(Records from a data source)
--- START ---

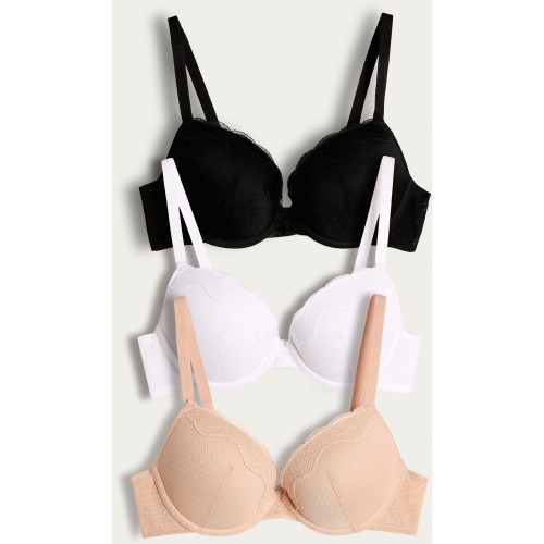 3-Pack Padded Push Up T-Shirt Bras in Multi
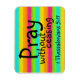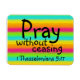 Este ímã bíblia flexível é feito sobre fundo listrado em arco-íris pintado com a escritura "Reze sem cessar 1 de Salónica 5:17"
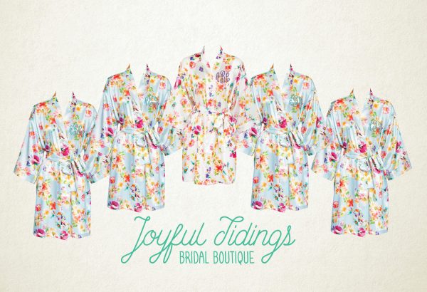 Be the first to review “FREE ROBE Set of 7+ Personalized Angel Blue Catalina Floral Satin Kimono Robes”
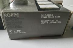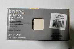 Suggested Retail:$25. ROPPE Vinyl Self Stick Almond 4 in. x 0.080 in. x 20 ft. Wall Cove Base Coil. The ROPPE 20 ft. x 4 in. x 5/64 in. Almond Vinyl Self-Stick Wall Base Moulding is made to resist shrinking and separating from walls to help maintain a smooth and attractive appearance. Low cost and good looks highlight ROPPE's Vinyl Base. It's extremely durable without sacrificing attractiveness, and very economical because it's made from PVC vinyl. 7 DAY FULL REFUND GUARANTEE ON THIS ITEM IF ANY ISSUE IS FOUND THAT WAS NOT DESCRIBED/PICTURED. PAID DELIVERY AND 7 DAY ALTERNATE PICK-UP ALSO AVAILABLE. SEE NOTES TO BIDDER, IN AUCTION DETAILS, AT THE TOP OF PAGE 1 FOR MORE INFO.
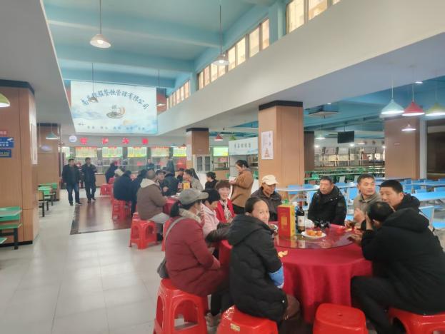 新闻中心讯(供稿/ 校工会)龙舞丰年辞旧岁,蛇迎盛世贺新春。1月28日,农历除夕,学校五食堂洋溢着浓浓的年味和欢乐的节日气氛。校党委副书记、副校长李宝君与后勤处、校工会等部门负责人,行政值班中层干部和50多位寒假坚守岗位的教职工们齐聚一堂,同吃年夜饭,互送祝福,共迎佳节。
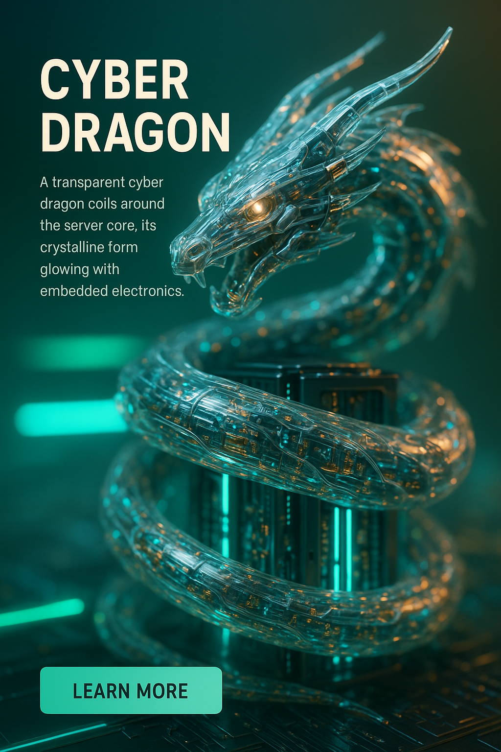 Hyperrealistic Cyber Dragon Wrapped Around a Server Core

--- END ---

**WORK REQUEST:**
Omit every picture, and otherwise quote the entries exactly.

**EXERCISE RESPONSE:**
 3-Pack Padded Push Up T-Shirt Bras in Multi
 Este ímã bíblia flexível é feito sobre fundo listrado em arco-íris pintado com a escritura "Reze sem cessar 1 de Salónica 5:17"
 Be the first to review “FREE ROBE Set of 7+ Personalized Angel Blue Catalina Floral Satin Kimono Robes”
 Suggested Retail:$25. ROPPE Vinyl Self Stick Almond 4 in. x 0.080 in. x 20 ft. Wall Cove Base Coil. The ROPPE 20 ft. x 4 in. x 5/64 in. Almond Vinyl Self-Stick Wall Base Moulding is made to resist shrinking and separating from walls to help maintain a smooth and attractive appearance. Low cost and good looks highlight ROPPE's Vinyl Base. It's extremely durable without sacrificing attractiveness, and very economical because it's made from PVC vinyl. 7 DAY FULL REFUND GUARANTEE ON THIS ITEM IF ANY ISSUE IS FOUND THAT WAS NOT DESCRIBED/PICTURED. PAID DELIVERY AND 7 DAY ALTERNATE PICK-UP ALSO AVAILABLE. SEE NOTES TO BIDDER, IN AUCTION DETAILS, AT THE TOP OF PAGE 1 FOR MORE INFO.
 新闻中心讯(供稿/ 校工会)龙舞丰年辞旧岁,蛇迎盛世贺新春。1月28日,农历除夕,学校五食堂洋溢着浓浓的年味和欢乐的节日气氛。校党委副书记、副校长李宝君与后勤处、校工会等部门负责人,行政值班中层干部和50多位寒假坚守岗位的教职工们齐聚一堂,同吃年夜饭,互送祝福,共迎佳节。
 Hyperrealistic Cyber Dragon Wrapped Around a Server Core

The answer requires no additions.